ALTAY, China — It has been a bad year for the big-tailed sheep. The grass in the high mountain pastures here in northwest China has been sparse, and the sheep have not eaten well. They are scrawny. That means the Kazakh herders have suffered, too.

“The drought has affected everyone,” one herder, Aijamal, 32, who like many others here uses one name, said on a recent afternoon as she rode a horse to drive hundreds of sheep across a barren plateau. “We can’t sell the sheep for the same price we did before.”
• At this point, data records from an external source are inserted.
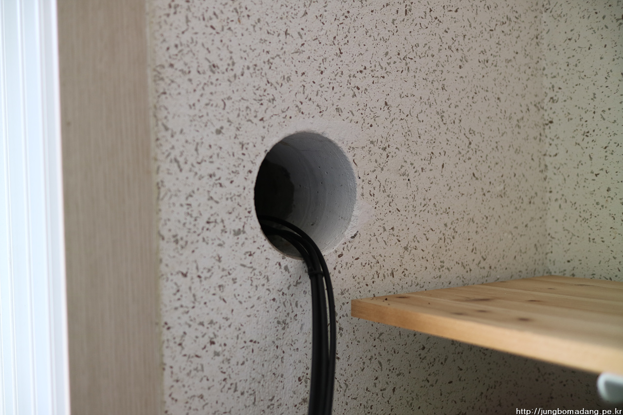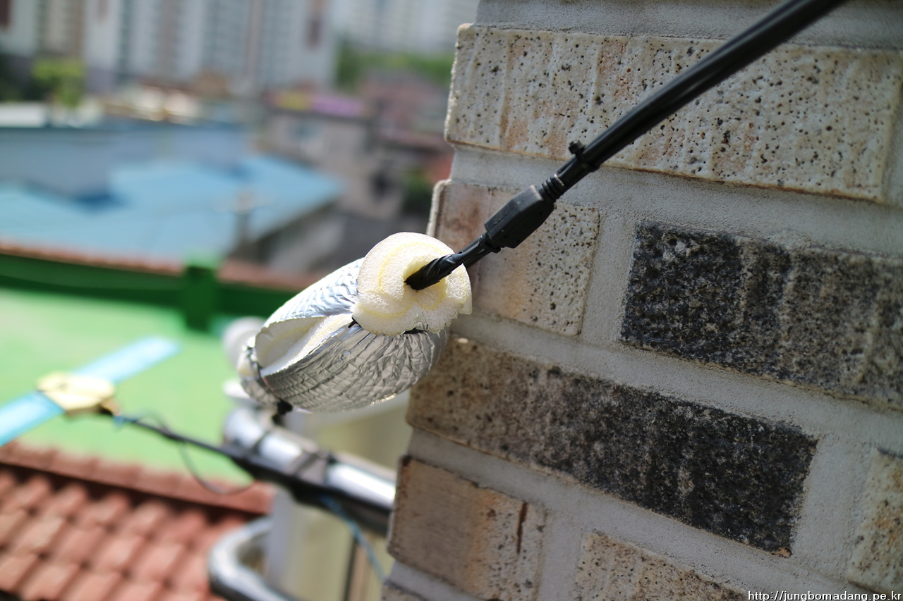 케이블을 어떻게 실내로 창문 뚫지 않고 들여올까 고민하다가 요래 보일러실에 미리 뚫려있는 환기창을 통해 들여옵니다. 안에 새등 들어오지 못게 철망 처리된 게 있는 데 어쩔수 없이 그거 빼고 남은 공간은 양파망으로 꽉꽉 채워 둡니다.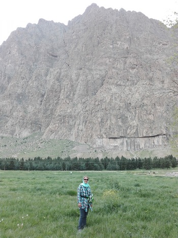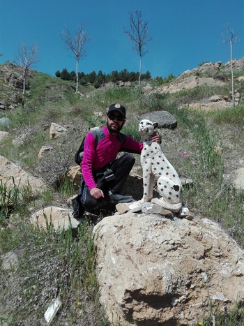 مشتاق در کنار تندیس پلنگ پایین گور دخمه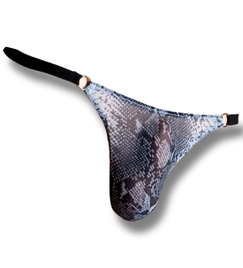 Pánská tanga s neobvyklým vzorem hadí kůže. Jsou vyrobeny z vysoce kvalitní tkaniny, která dokonale přiléhá k tělu.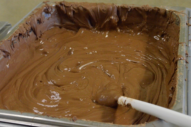 It all starts with pans of chocolate. Then the creativity begins with nuts, creams, and all types of variations.

Sheep that wholesalers bought last year for 1,000 renminbi, about $160, are commanding only 830 renminbi now, she said. The price drop has come as a big blow to the nomadic Kazakh herders whose families have for decades produced the most famous sheep in China.

And the season for fattening up the sheep is at an end. Across this remote area of pristine grasslands and alpine forests, along the southern slopes of the Altai Mountains, nomads are in the middle of their annual multiweek autumn migration, as they bring their families, yurts and livestock down from the high pastures to lower altitudes for the winter. They are using horses, camels and flatbed trucks for transport, and horses and motorcycles to herd their animals. Clouds of dust rising from the steppes signal nomads on the move.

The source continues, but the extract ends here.